Tell Me About Lightning.

I guess it is good advice, but if I stayed inside any time a storm was within 10 miles I would be indoors from noon until sundown every day, all summer long.

That said, I did have lightning strike my fence out of the clear blue sky and start a fire at my old property. My neighbor ran over an helped me put it out, but it was in the pine forest during a drought, and had it gotten out of control it would have been something like the fire in Black Forest last summer.

I moved out of the trees after that.

Oh, and I do not have lightning rods. My barn and house are at the base of a butte, and I have seen lightning strike the top of the butte many times.

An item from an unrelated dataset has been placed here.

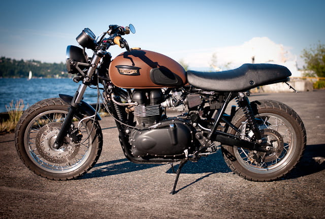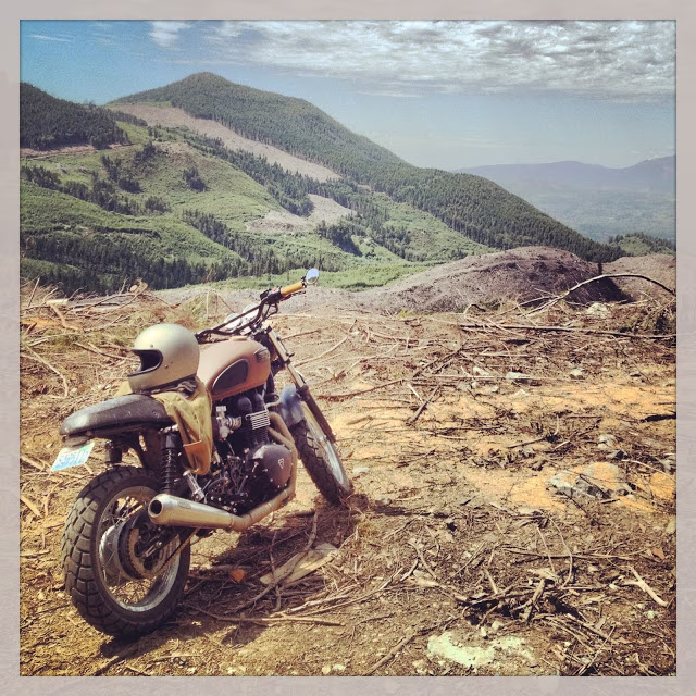 The cafe bars and street tires were not ideal of fire service roads and back country but I made it work. Over this past winter I stripped it down and started over with the idea of a Thruxton/Scrambler hybrid to satisfy my need of on and off road riding.

Petey-effectiveness of lightning rods depends on installation, and on the specific grounding used for the soil type. Florida is the lightning capitol of the U.S., and there is a university that studies lightning extensively, and they published a report that says the straight ground copper poles don’t work in sandy soil, that a big loop buried is for that type of ground. And badly installed lightning rods are useless. I guess you need to find a real expert.

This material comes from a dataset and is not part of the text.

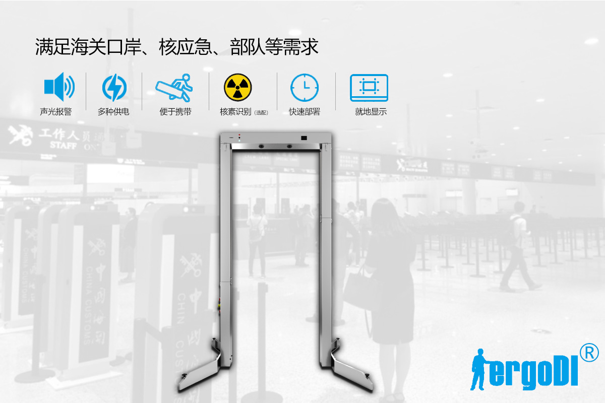 可折疊通道門可用于放射性監(jiān)測場所行人快速通過的檢測系統(tǒng),采用大體積塑料閃爍體探測器具有體積小,可折疊,便于攜帶。可用于干電池、鋰電池及市電供電,靈敏度高。誤報率低的特點,適用于海關、環(huán)保、核應急等特殊的放射性檢測場合。

A barn that I boarded my horse at many years ago burned to the grown a couple of years ago from a lightning strike. It did have lightning rods so either they were not properly installed or they simply are not foolproof. The horses that were on night turnout were fine but the horses in the barn all perished.

Somewhere I read lightening rods attached to houses couldn’t contain the voltage of strikes . The recommendation was a free standing lightening pole a certain distance from any building.
I don’t think I can find that reference again though.